▶ **WHAT NEEDS TO BE DONE**
With the images removed, transcribe the listing that follows exactly.

▶ **GIVEN MATERIAL**
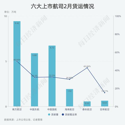 2月,六大上市航司的货邮载运量出现不同程度下降。其中,吉祥航空跌幅最大,达到﹣45.69%;南航跌幅最小,为﹣26.39%。
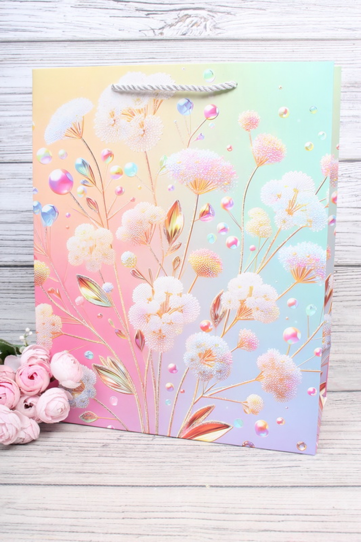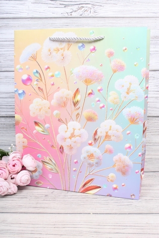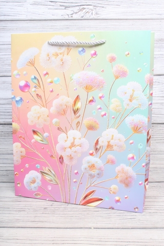 Пакет подарочный M вертикальный, Цветы прелесть, 26*32*12 см (Д*В*Ш), 1 шт.
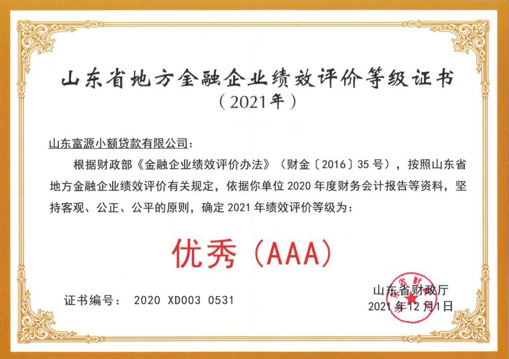 近日,省財政廳頒發(fā)2021年山東省金融企業(yè)績效評價等級證書,富源小貸獲得“AAA”優(yōu)秀等級。評價結果表示,其績效狀況在全國其他類金融企業(yè)中處于優(yōu)秀水平。至此公司已連續(xù)3年獲此最高評價。

▶ **THE ANSWER**
 2月,六大上市航司的货邮载运量出现不同程度下降。其中,吉祥航空跌幅最大,达到﹣45.69%;南航跌幅最小,为﹣26.39%。
 Пакет подарочный M вертикальный, Цветы прелесть, 26*32*12 см (Д*В*Ш), 1 шт.
 近日,省財政廳頒發(fā)2021年山東省金融企業(yè)績效評價等級證書,富源小貸獲得“AAA”優(yōu)秀等級。評價結果表示,其績效狀況在全國其他類金融企業(yè)中處于優(yōu)秀水平。至此公司已連續(xù)3年獲此最高評價。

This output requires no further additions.